Exercise instructions: Your answer must restate each entry below word for word, with no pictures in it.

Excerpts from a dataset
━━━━━━━━━━━━━━━━━━━━
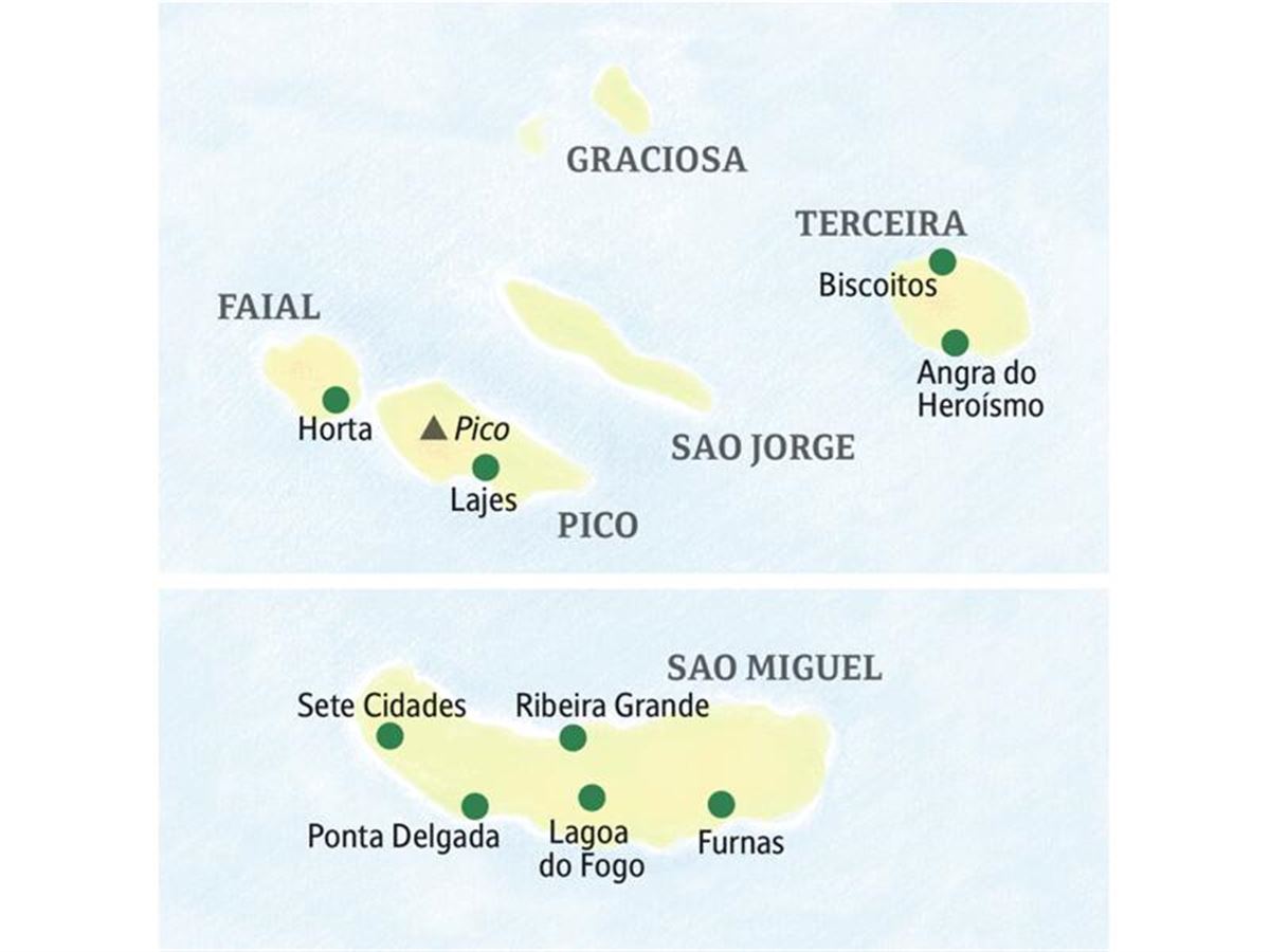 In Faja de Baixo dreht sich alles um die Ananas. Wir inspizieren die uralten Gewächshäuser der Ananas und naschen uns durch die Geschmackspalette von Eis, Küchlein bis Likör und natürlich eine frische, saftige Ananas. Zum Abschied geht es hinauf zum Kraterrand von Sete Cidades: Ein tintenblauer und ein smaragdgrüner See schmiegen sich wie ein Liebespaar aneinander. Alles Legende? Bei gutem Wetter können wir uns selbst davon überzeugen. 60 km. Am Nachmittag bleibt noch genügend Zeit, auf der Suche nach einem Mitbringsel durch die Gassen von Ponta Delgada zu schlendern. Oder vielleicht doch lieber eine der azorischen Köstlichkeiten aus einem der Delikatessengeschäfte? Abends nehmen wir in einem Restaurant kulinarisch Abschied und wissen: Zu Hause erwarten wir das nächste Azorenhoch noch sehnsüchtiger, weil es an die wunderschöne Zeit auf dem Archipel mitten im Atlantik erinnert!
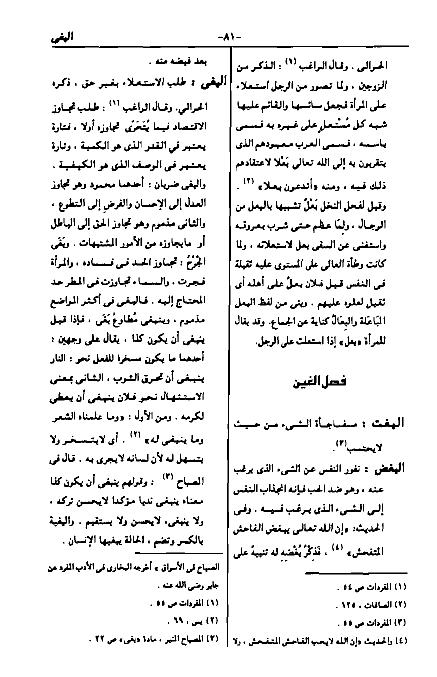 البغي: طلب الاستعلاء بغير حق، ذكره الحرالي. وقال الراغب3: طلب تجاوز الاقتصاد فيما يتحرى تجاوزه أولا، فتارة يعتبر في المقدار الذي هو الكمية، وتارة يعتبر في الوصف الذي هو الكيفية. والبغي ضربان: أحدهما محمود وهو تجاوز العدل إلى الإحسان والفرض إلى التطوع، والثاني مذموم وهو تجاوز الحق إلى الباطل أو ما يجاوره من الأمور المشتبهات. وبغى الجرح: تجاوز الحد في فساده، والمرأة فجرت، والسماء تجاوزت في المطر حد المحتاج إليه. فالبغي في أكثر المواضع مذموم، وينبغي مطاوع بغى، فإذا قيل ينبغي أن يكون كذا، يقال على وجهين: أحدهما ما يكون مسخرا للفعل نحو: النار ينبغي أن تحرق الثوب، الثاني بمعنى الاستئهال نحو فلان ينبغي أن يعطي لكرمه. ومن الأول: {وَمَا عَلَّمْنَاهُ الشِّعْرَ وَمَا يَنْبَغِي لَهُ} 4. أي لا يتسخر ولا يتسهل له لأن لسانه لا يجري به قال في المصباح5: وقولهم ينبغي كذا أن يكون معناه ينبغي ندبا مؤكدا لا يحسن تركه، ولا ينبغي، لا يحسن ولا يستقيم والبغية بالكسر وتضم، الحالة التي يبغيها الإنسان.
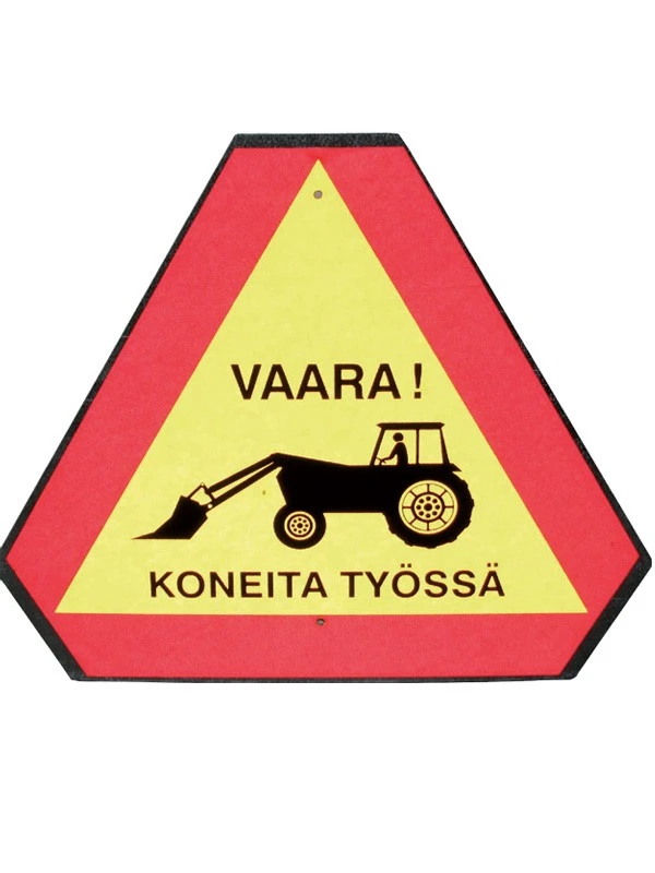 Vaara! Koneita työssä – varoitusmerkki, materiaali peltiä.
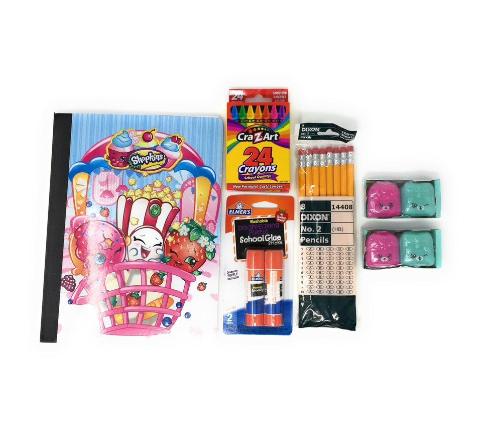 Shopkins Back To School Girl's Backpack Bundle with Season 5 Blind Backpacks Product Overview Brand: Shopkins A fun way to go back to school! Shopkins back to school girl's backpack bundle includes backpack, collectors tin with Who's The Super Shopper Card Game (also can be used as a lunch box), composition notebook, crayons, pencils, glue sticks & 2 sets of Shopkins Season 5 Blind Bundle Backpacks (2 Shopkins+2 Petkin Backpacks+collectors guide inside each set). Backpack can be used as a book bag, travel bag or day pack & has adjustable padded straps with 1 main large zippered compartment. Collectors Tin/lunch box has a latch closure and plastic handle. Features Shopkins Adjustable Padded Strap Backpack Measures 16" x 12" x 4" Shopkins Collectors Tin with Who's The Super Shopper Card Game/Lunch Tin Box Shopkins Composition Notebook 100 Wide Ruled Sheets Cra-Z-Art Crayons 24 count, Dixon No. 2 Pencils 8 Count & 2 Elmer's Washable Glue Sticks Shopkins Season 5 Blind Bundle Backpacks 2 sets Details Product Dimensions: 16 x 4 x 12 inches Shipping Weight: 2.65 pounds
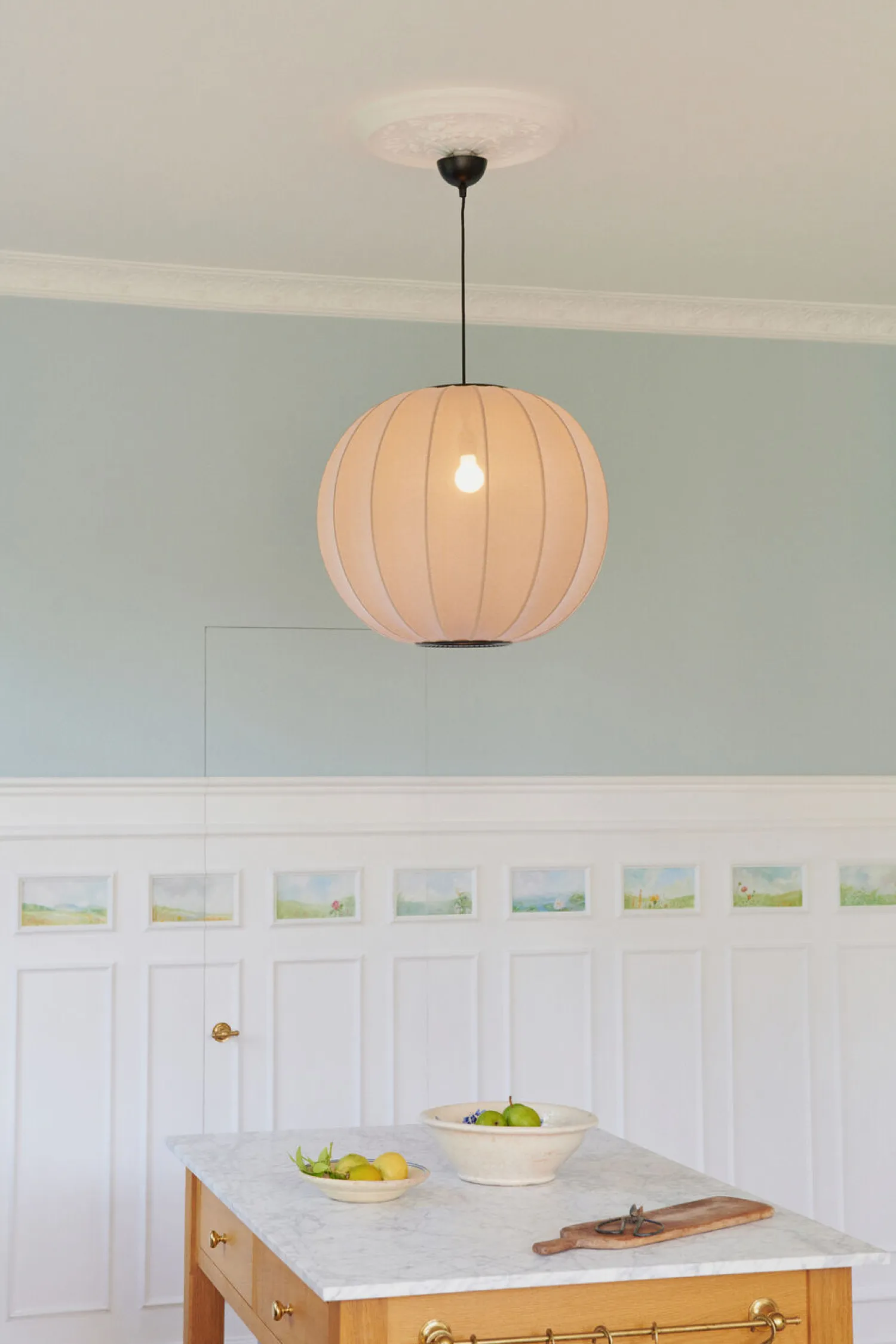 Denne pendellampe kombinerer håndværk med moderne belysning. Materialet af brandsikkert, genanvendt polyester skaber en jævn lysfordeling. Den er produceret i Danmark med fokus på kvalitet og holdbarhed.
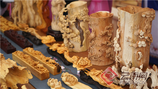 同時,薈萃劍川民間絕活、手工工藝,劍川木雕、木制瓢、傳統(tǒng)鐵具鍛造、竹篾編、木蒸籠、白族土陶、白族布扎、民間兒童玩具、紙扎制作、梅園石雕等數(shù)十位民間藝人現(xiàn)場展示制作過程,并舉辦成品微型拍賣會;搭建展位供127家省內(nèi)外客商進行特色文旅產(chǎn)品展銷,展銷商品有仿古家具類、陳設類、旅游紀念品、禮品類等,以及木雕、根雕、石雕、土陶、刺繡、布扎等劍川當?shù)靥厣唐罚渲杏衼碜詣Υū就恋钠髽I(yè),也有從南博會后慕名而來參展的東南亞企業(yè)、客商。
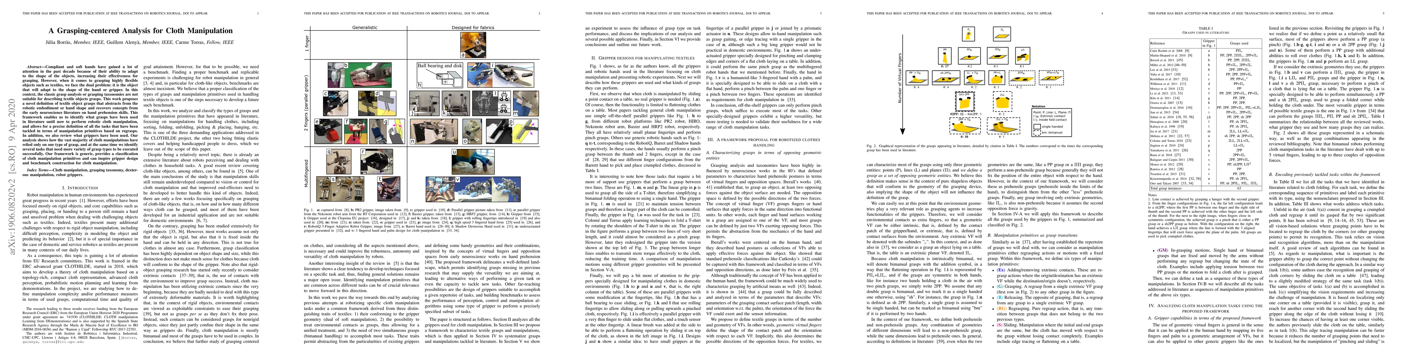 Researchers propose a new grasp analysis framework for cloth manipulation that abstracts from robotic embodiment, allowing for classification of cloth manipulation primitives and identification of tasks requiring more diverse grasp types.
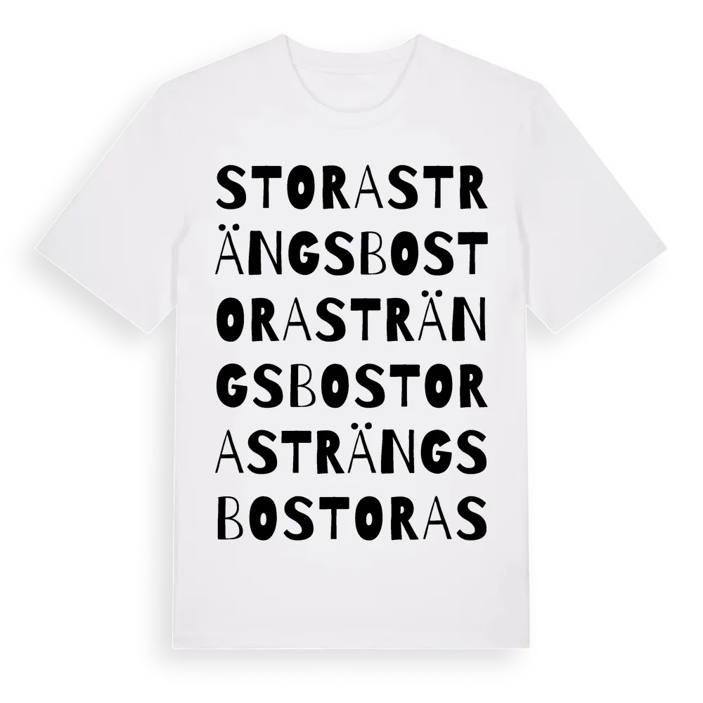 Stora Strängsbo ordlek t-shirt är inspirerad av Stora Strängsbo i Västmanlands län, Sverige. Tröjan är designad för dig som har en speciell koppling till platsen – oavsett om du bor här, har rötterna här eller bara älskar Stora Strängsbo.
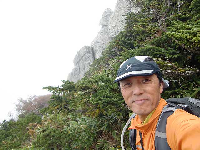 10:24 ガスが猫又山を包んでいます。山頂手前の大岩を通過。もう少しで頂上です。
━━━━━━━━━━━━━━━━━━━━
Solution to this exercise:
 In Faja de Baixo dreht sich alles um die Ananas. Wir inspizieren die uralten Gewächshäuser der Ananas und naschen uns durch die Geschmackspalette von Eis, Küchlein bis Likör und natürlich eine frische, saftige Ananas. Zum Abschied geht es hinauf zum Kraterrand von Sete Cidades: Ein tintenblauer und ein smaragdgrüner See schmiegen sich wie ein Liebespaar aneinander. Alles Legende? Bei gutem Wetter können wir uns selbst davon überzeugen. 60 km. Am Nachmittag bleibt noch genügend Zeit, auf der Suche nach einem Mitbringsel durch die Gassen von Ponta Delgada zu schlendern. Oder vielleicht doch lieber eine der azorischen Köstlichkeiten aus einem der Delikatessengeschäfte? Abends nehmen wir in einem Restaurant kulinarisch Abschied und wissen: Zu Hause erwarten wir das nächste Azorenhoch noch sehnsüchtiger, weil es an die wunderschöne Zeit auf dem Archipel mitten im Atlantik erinnert!
 البغي: طلب الاستعلاء بغير حق، ذكره الحرالي. وقال الراغب3: طلب تجاوز الاقتصاد فيما يتحرى تجاوزه أولا، فتارة يعتبر في المقدار الذي هو الكمية، وتارة يعتبر في الوصف الذي هو الكيفية. والبغي ضربان: أحدهما محمود وهو تجاوز العدل إلى الإحسان والفرض إلى التطوع، والثاني مذموم وهو تجاوز الحق إلى الباطل أو ما يجاوره من الأمور المشتبهات. وبغى الجرح: تجاوز الحد في فساده، والمرأة فجرت، والسماء تجاوزت في المطر حد المحتاج إليه. فالبغي في أكثر المواضع مذموم، وينبغي مطاوع بغى، فإذا قيل ينبغي أن يكون كذا، يقال على وجهين: أحدهما ما يكون مسخرا للفعل نحو: النار ينبغي أن تحرق الثوب، الثاني بمعنى الاستئهال نحو فلان ينبغي أن يعطي لكرمه. ومن الأول: {وَمَا عَلَّمْنَاهُ الشِّعْرَ وَمَا يَنْبَغِي لَهُ} 4. أي لا يتسخر ولا يتسهل له لأن لسانه لا يجري به قال في المصباح5: وقولهم ينبغي كذا أن يكون معناه ينبغي ندبا مؤكدا لا يحسن تركه، ولا ينبغي، لا يحسن ولا يستقيم والبغية بالكسر وتضم، الحالة التي يبغيها الإنسان.
 Vaara! Koneita työssä – varoitusmerkki, materiaali peltiä.
 Shopkins Back To School Girl's Backpack Bundle with Season 5 Blind Backpacks Product Overview Brand: Shopkins A fun way to go back to school! Shopkins back to school girl's backpack bundle includes backpack, collectors tin with Who's The Super Shopper Card Game (also can be used as a lunch box), composition notebook, crayons, pencils, glue sticks & 2 sets of Shopkins Season 5 Blind Bundle Backpacks (2 Shopkins+2 Petkin Backpacks+collectors guide inside each set). Backpack can be used as a book bag, travel bag or day pack & has adjustable padded straps with 1 main large zippered compartment. Collectors Tin/lunch box has a latch closure and plastic handle. Features Shopkins Adjustable Padded Strap Backpack Measures 16" x 12" x 4" Shopkins Collectors Tin with Who's The Super Shopper Card Game/Lunch Tin Box Shopkins Composition Notebook 100 Wide Ruled Sheets Cra-Z-Art Crayons 24 count, Dixon No. 2 Pencils 8 Count & 2 Elmer's Washable Glue Sticks Shopkins Season 5 Blind Bundle Backpacks 2 sets Details Product Dimensions: 16 x 4 x 12 inches Shipping Weight: 2.65 pounds
 Denne pendellampe kombinerer håndværk med moderne belysning. Materialet af brandsikkert, genanvendt polyester skaber en jævn lysfordeling. Den er produceret i Danmark med fokus på kvalitet og holdbarhed.
 同時,薈萃劍川民間絕活、手工工藝,劍川木雕、木制瓢、傳統(tǒng)鐵具鍛造、竹篾編、木蒸籠、白族土陶、白族布扎、民間兒童玩具、紙扎制作、梅園石雕等數(shù)十位民間藝人現(xiàn)場展示制作過程,并舉辦成品微型拍賣會;搭建展位供127家省內(nèi)外客商進行特色文旅產(chǎn)品展銷,展銷商品有仿古家具類、陳設類、旅游紀念品、禮品類等,以及木雕、根雕、石雕、土陶、刺繡、布扎等劍川當?shù)靥厣唐罚渲杏衼碜詣Υū就恋钠髽I(yè),也有從南博會后慕名而來參展的東南亞企業(yè)、客商。
 Researchers propose a new grasp analysis framework for cloth manipulation that abstracts from robotic embodiment, allowing for classification of cloth manipulation primitives and identification of tasks requiring more diverse grasp types.
 Stora Strängsbo ordlek t-shirt är inspirerad av Stora Strängsbo i Västmanlands län, Sverige. Tröjan är designad för dig som har en speciell koppling till platsen – oavsett om du bor här, har rötterna här eller bara älskar Stora Strängsbo.
 10:24 ガスが猫又山を包んでいます。山頂手前の大岩を通過。もう少しで頂上です。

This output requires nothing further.